Details on test system and experimental conditions:

This study was performed by the pre-incubation method without and with S9 mix. Triplicate plates were used for the negative control group, and duplicate plates were used for the positive control and the test substance treatment groups.

Procedures
After 0.1 mL of the test substance solution, vehicle or the positive control substance solution, 0.5 mL of 0.1 M sodium phosphate bufier (pH 7.4) or S9 mix and 0.1 mL of the bacterial culture were added to a test tube, the mixture as shaken at 37±0.5°C for 20 minutes. Two milliliters of the soft agar were then added to each tube and the mixture was poured onto a minimal glucose agar plate. The number of revertant colonies was counted after incubation at 37±0.5°C for 48 hours.

Confirmation of Sterility
The highest concentration of the test substance solution (0.1 mL) and S9 mix (0.5 mL) were individually mixed with 2 mL of the soft agar and were poured onto the minimal glucose agar plate in order to examine bacterial contamination.
Bacterial contamination was judged with those plates after incubation at 37±0.5°C for 48 hours.

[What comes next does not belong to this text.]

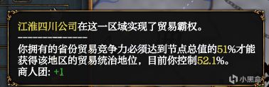 當貿易公司在其所屬的貿易區掌控了超過51%的省份貿易競爭力份額時,貿易公司將給予+1商人團的獎勵(注意是貿易公司的佔比,不是所有省份的貿易額佔比)

Negative Control and Positive Controls
The vehicle was employed as a negative control. As positive controls 2-(2-FuryI)-3-(5-nitro-2 furyl)acrylamide, Sodium azide, 2-Aminoanthracene were used.

Evaluation criteria:

The test substance was judged to be positive when the number of revertant colonies increased to twice or more than that in the negative control and when the responses were dose-related and/or reproducible. The other cases were judged to be negative. No statistical methods were used.

Results and discussion

Additional information on results:

The mutagenicity of the test substance was judged to be negative because the number of the revertant colonies in the test substance treatment groups in all tester strains was less than twice that in the negative control without and with S9 mix.
The numbers of the revertant colonies in the positive controls were above twice that in the negative controls, The test results showed that the numbers of revertant colonies in the negative control and the positive controls were within the range of the historical data at the testing facility. It was also confirmed that no bacterial contamination was observed, which indicates the test results to be valid.

Applicant's summary and conclusion

Conclusions:

It was concluded that MACROLEX Rot B did not induce mutations under the present test conditions.

Executive summary:

The ability of MACROLEX Rot B to induce mutations was investigated using Salmonella typhimurium strains TA 100, TA1535, TA98 and TA1537 and Escherichia coli strain WP2uvrA with a pre-incubation method in the absence and presence of a metabolic activation System (S9 mix).

As a result, the mutagenicity of the test substance was judged to be negative because the numbers of revertant colonies in the test substance treatment groups were less than two times that in each negative control in all testet strains with and without S9 mix.

Consequently, it was concluded that MACROLEX Rot B had no ability to induce mutations under the present test conditions.